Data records

== Segment start ==

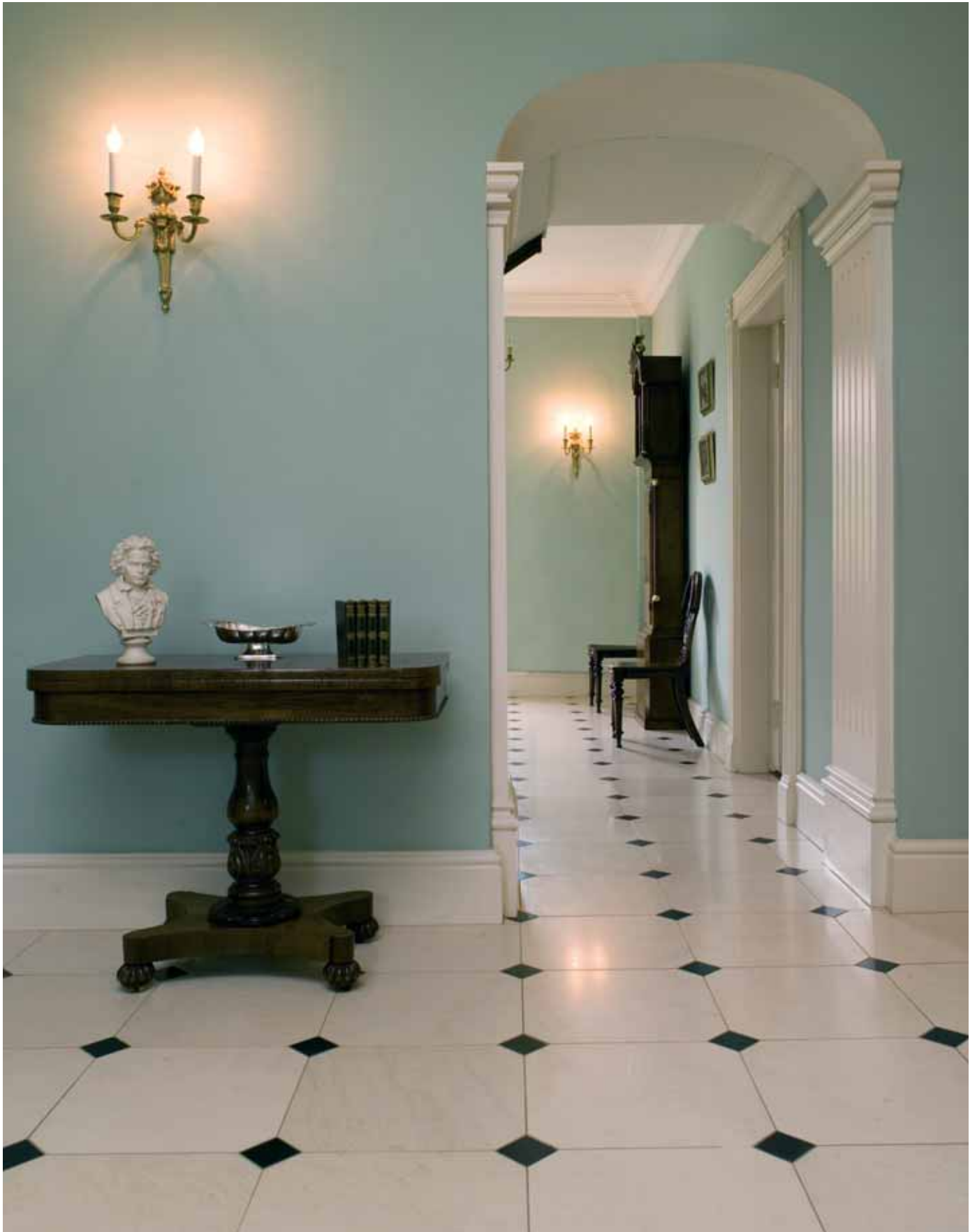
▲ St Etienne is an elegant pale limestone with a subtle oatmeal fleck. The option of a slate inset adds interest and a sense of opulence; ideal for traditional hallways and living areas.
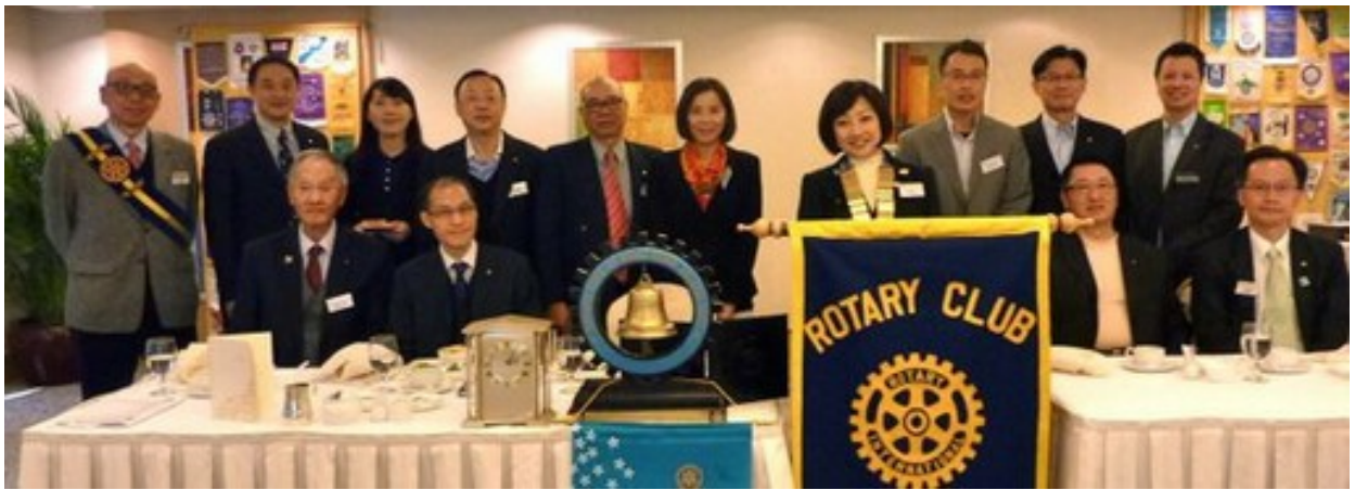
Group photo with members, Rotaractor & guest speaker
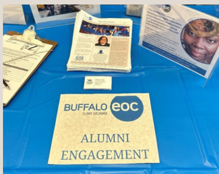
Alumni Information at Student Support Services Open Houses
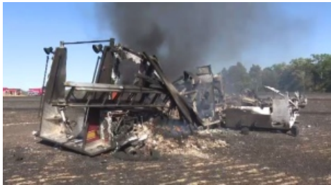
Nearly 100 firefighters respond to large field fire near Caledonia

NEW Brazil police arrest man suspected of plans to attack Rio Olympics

== Segment end ==
== Segment start ==

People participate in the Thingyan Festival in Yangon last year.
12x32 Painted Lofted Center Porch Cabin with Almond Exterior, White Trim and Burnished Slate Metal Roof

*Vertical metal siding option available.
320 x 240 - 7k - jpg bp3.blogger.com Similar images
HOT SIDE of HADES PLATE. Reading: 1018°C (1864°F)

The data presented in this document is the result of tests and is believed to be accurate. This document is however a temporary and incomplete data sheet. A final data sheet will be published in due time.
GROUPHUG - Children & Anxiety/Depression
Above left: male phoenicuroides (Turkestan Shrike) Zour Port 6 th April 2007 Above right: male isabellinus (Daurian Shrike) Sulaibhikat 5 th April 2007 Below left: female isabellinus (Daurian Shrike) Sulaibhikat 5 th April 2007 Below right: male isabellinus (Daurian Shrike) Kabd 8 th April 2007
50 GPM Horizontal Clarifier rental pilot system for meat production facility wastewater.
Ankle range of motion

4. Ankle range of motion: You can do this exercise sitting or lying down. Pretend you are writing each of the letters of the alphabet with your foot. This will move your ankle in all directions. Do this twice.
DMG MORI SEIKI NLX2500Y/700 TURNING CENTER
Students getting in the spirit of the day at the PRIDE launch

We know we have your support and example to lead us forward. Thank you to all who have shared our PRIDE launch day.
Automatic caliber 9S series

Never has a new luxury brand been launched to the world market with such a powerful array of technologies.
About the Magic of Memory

== Segment end ==
== Segment start ==

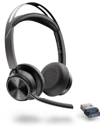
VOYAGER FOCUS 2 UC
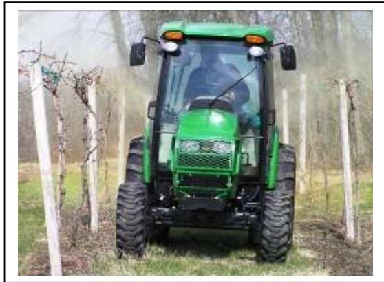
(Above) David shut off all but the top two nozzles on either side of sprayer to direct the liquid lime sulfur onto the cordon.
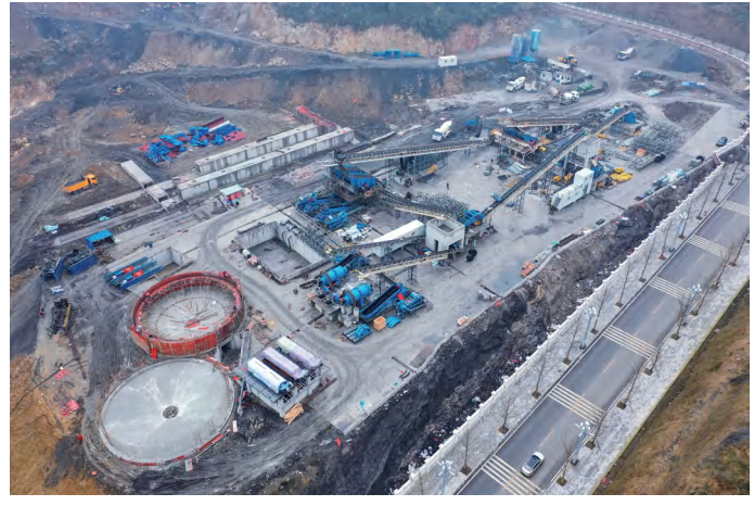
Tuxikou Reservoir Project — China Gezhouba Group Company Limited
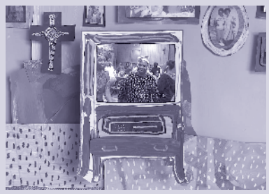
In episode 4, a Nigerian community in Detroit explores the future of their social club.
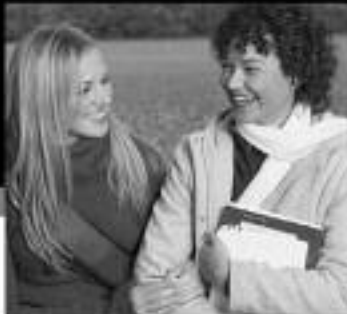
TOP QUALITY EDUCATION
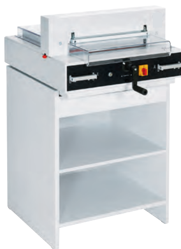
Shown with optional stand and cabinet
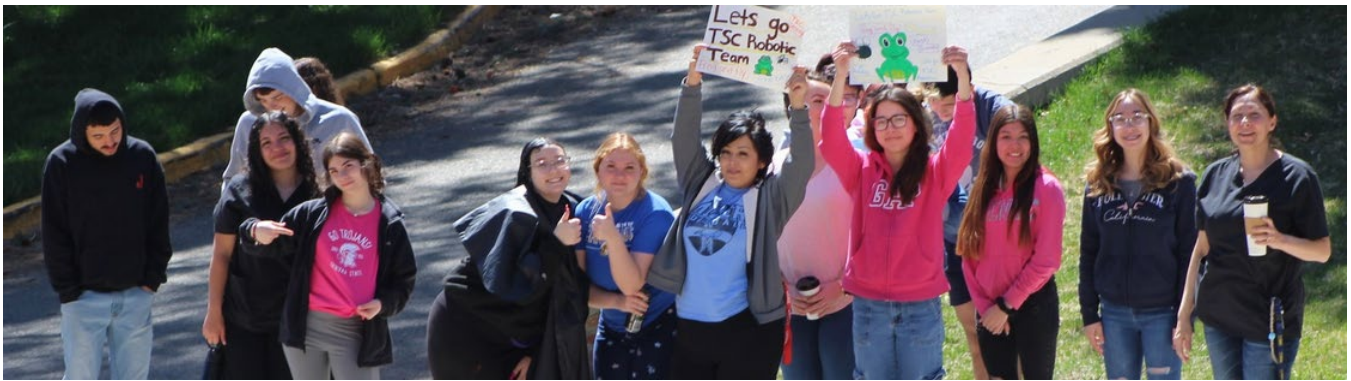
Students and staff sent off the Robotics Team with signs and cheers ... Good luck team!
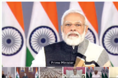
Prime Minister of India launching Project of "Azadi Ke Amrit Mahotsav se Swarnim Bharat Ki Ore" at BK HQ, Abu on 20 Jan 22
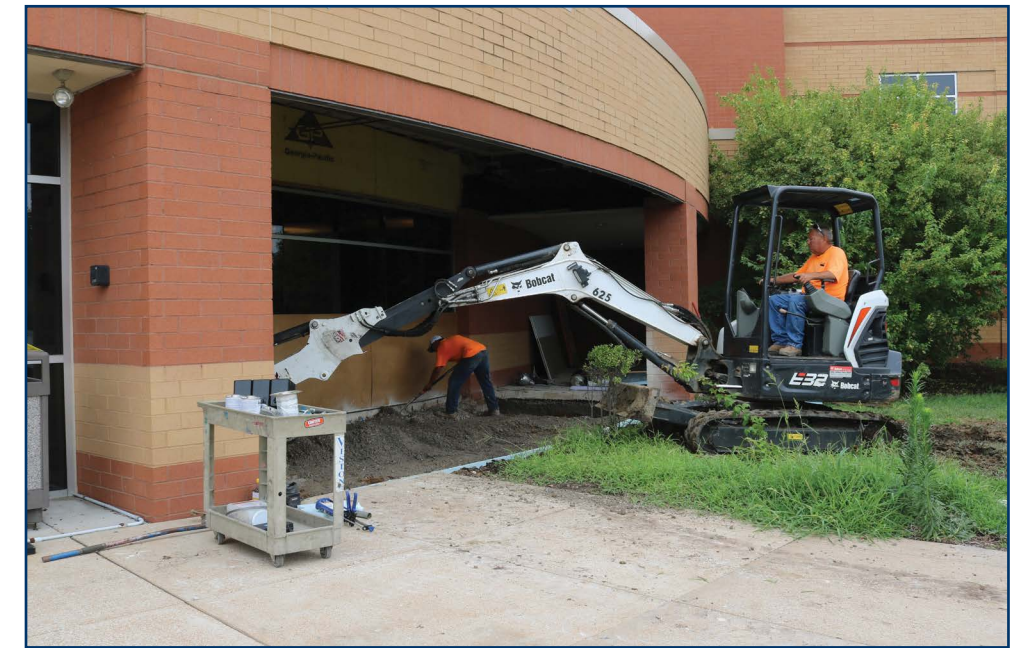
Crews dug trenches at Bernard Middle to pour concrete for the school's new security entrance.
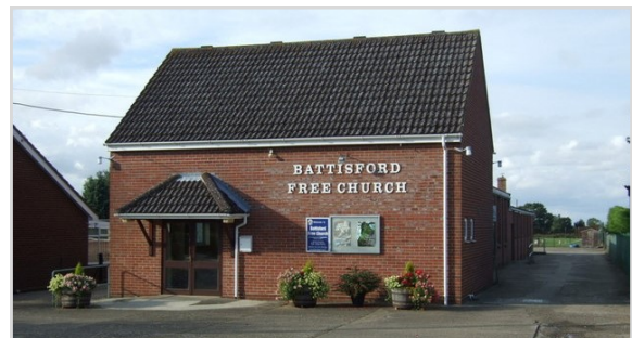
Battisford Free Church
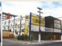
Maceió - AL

== Segment end ==

EXERCISE OBJECTIVE:
Note each line above that holds "PRIDE", then copy all of them.

OUTPUT BELOW:
Students getting in the spirit of the day at the PRIDE launch
We know we have your support and example to lead us forward. Thank you to all who have shared our PRIDE launch day.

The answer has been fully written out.